「そんないい方法ならば、なぜ今まで実装してこなかったのか?」というと、実装そのものが非常に難しかったからだ。図3で言えば、バッファ「A」はレジスタファイルの数だけ必要だが、「B」と「C」は各ユニットにひとつずつで済む。回路上で物理的に近接した場所に配置できるから、高速にアクセスできる。
ところが図4の方式だと、実行ユニットやメモリーコントローラーとPhysical Register Fileの場所が、物理的に近接しているとは限らないので配線が長くなりがちで、その分レイテンシも増えやすい。
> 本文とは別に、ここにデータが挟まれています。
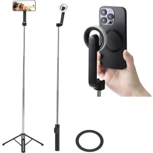 - エレコム スマホスタンド スマホ 三脚 マウント 最大長さ57cm 360度回転 折り畳み コンパクト シール付属 ブラック P-STMFBK
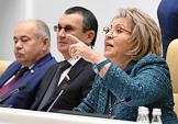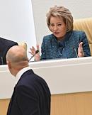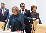 Пленарное заседание Совета Федерации (СФ) России. Справа налево: председатель СФ России Валентина Матвиенко, первый заместитель председателя СФ России Николай Федоров и заместитель председателя СФ России Ильяс Умаханов во время заседания.
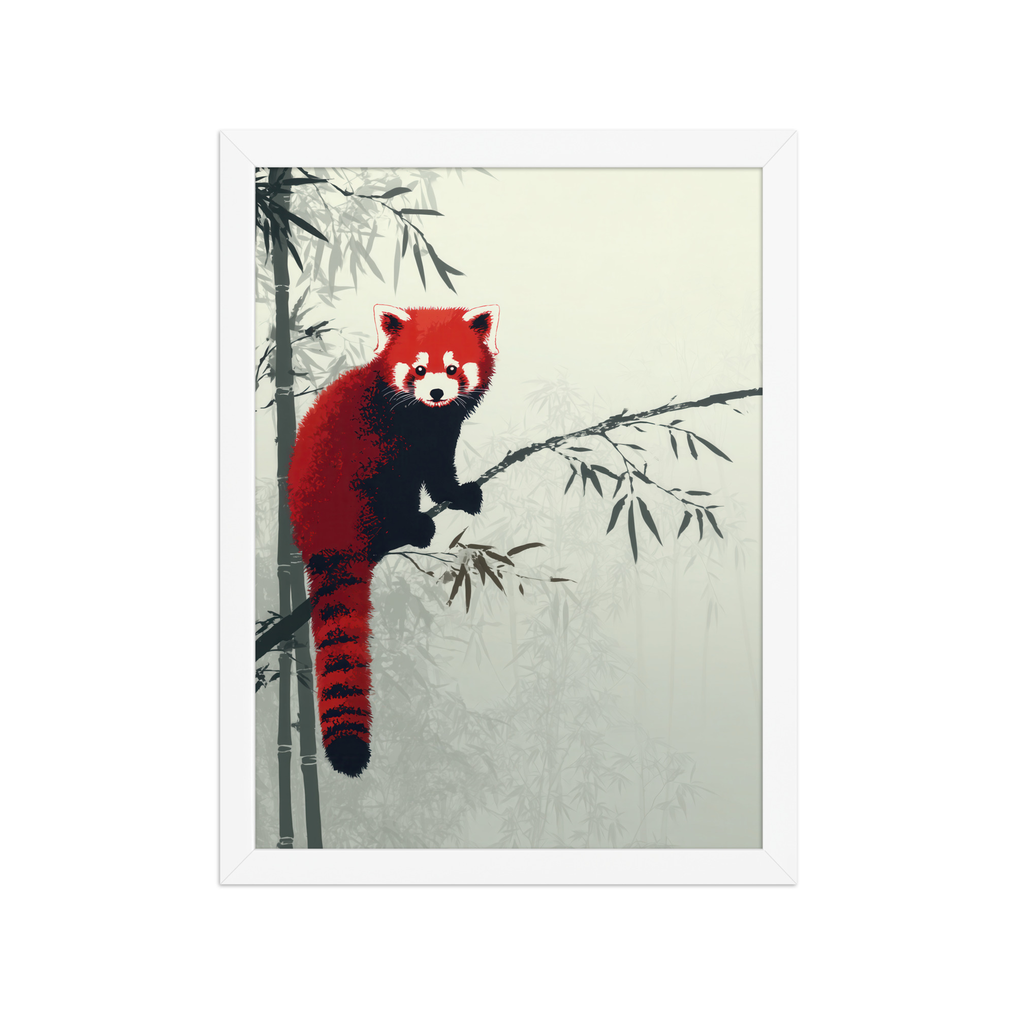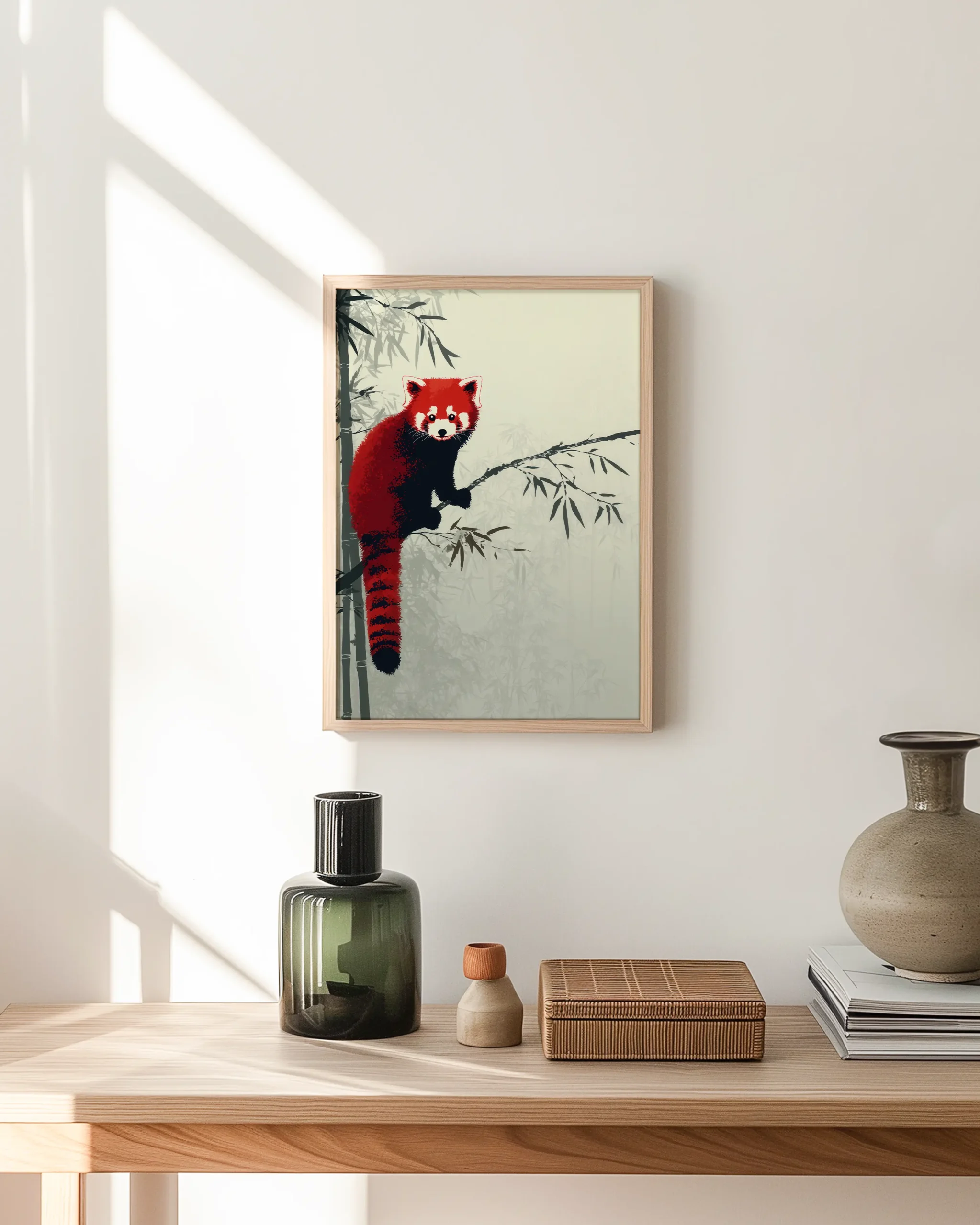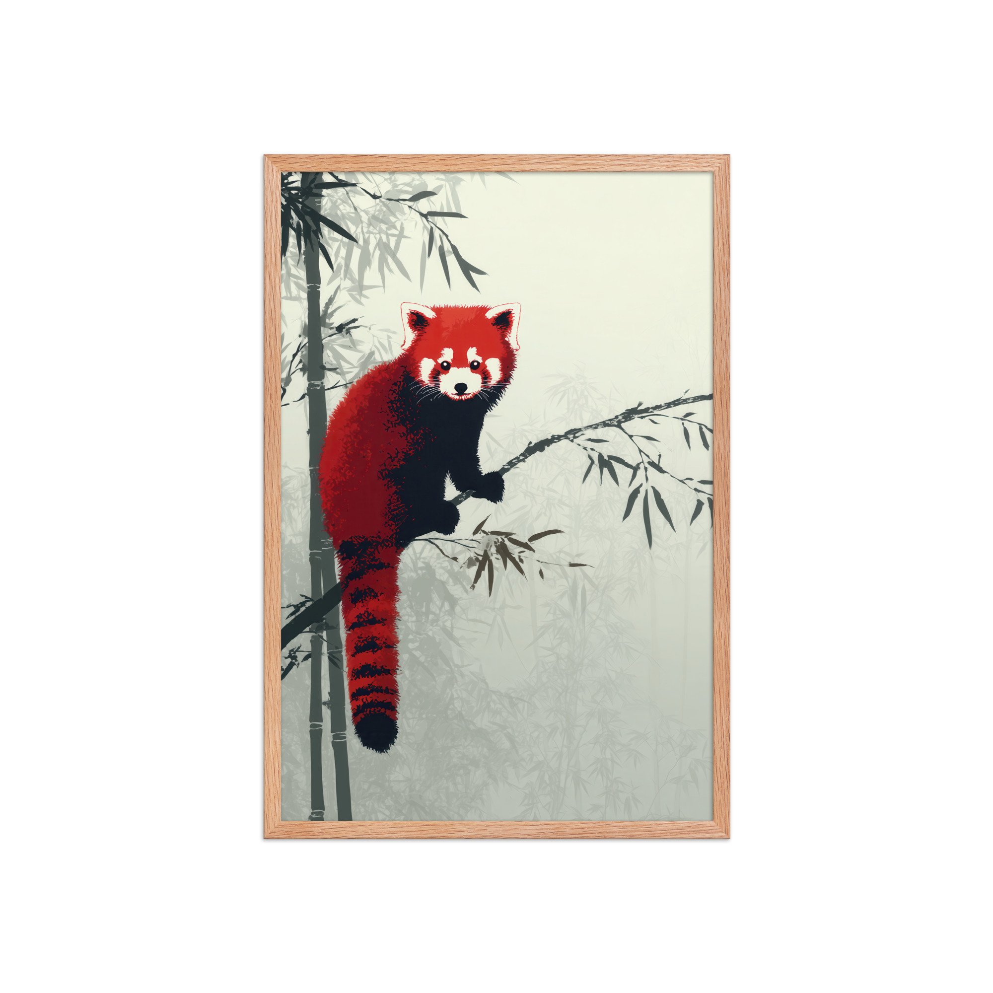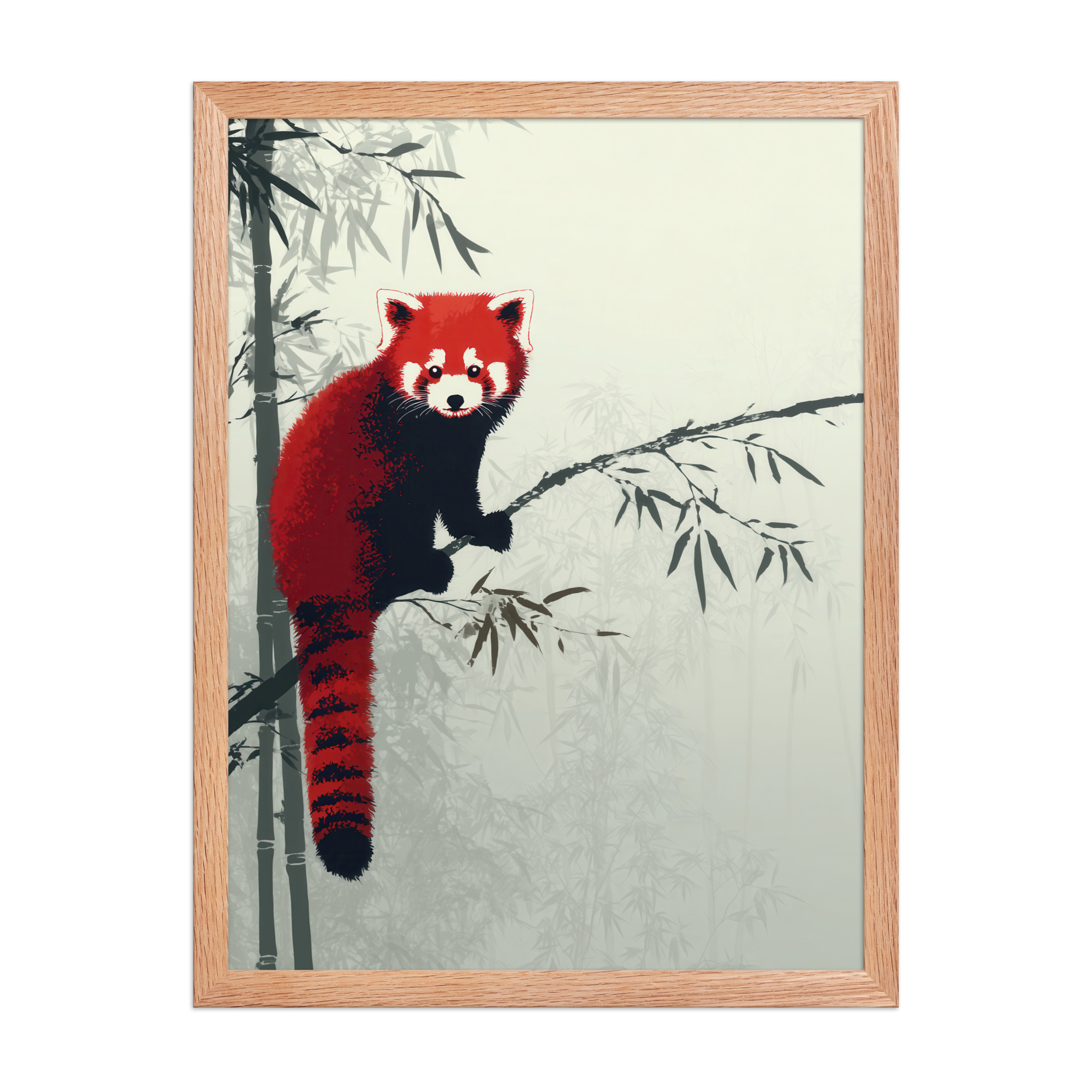 In a tranquil bamboo grove, a red panda pauses on a slender branch. The palette balances deep cinnabar fur with charcoal accents and layered sage washes, delivering Japandi calm with a playful focal point that suits living rooms, nurseries, and reading nooks.

さらに、Physical Register Fileの割り付けを管理するポインタへのアクセスが余分に入るから、処理そのものも増える。
これまではこうしたデメリットを考えて採用しなかったわけだが、Sandy Bridgeではこうしたデメリットよりも、消費電力を減らすほうが重要と判断したわけだ。
レジスタのクリアも効率化
なお、Physical Register Fileの実装に合わせて、さまざまなバッファの数も増やされているのも、Sandy Bridgeにおける改良のひとつである。これに合わせて搭載されたのが「Zeroing Idioms」である。これは何かと言えば、「レジスタをクリアする命令を効率化する仕組み」とでも言えばいいだろうか。
x86の場合、レジスタをクリアするために以下のような命令を多用する。
- XOR EAX,EAX
Nehalemまでは、こうした命令を馬鹿正直に実行ユニットで処理していた。しかし、目的はEAXレジスタを「0」にできればいいのであり、XOR命令を実施したいわけではない。そこでこうした命令を「RAT 1」~「Rdy/Sch」の間に検出して、命令を発行せずに直接Physical Register Fileを操作して済ませてしまうのが、Zeroing Idiomsの役割である。これも命令処理の効率化と、消費電力削減に効果的である。
★
以上がSandy Bridge世代の主な改良点である。厳密に言えば64bit命令の効率化(Macro Fusionの対象となる命令の拡充)や、64bit OSの普及に合わせて大量のメモリーを搭載した場合のアクセス性の改善なども図られているが、これらは大きな違いというよりも細かな改良というべきだろう。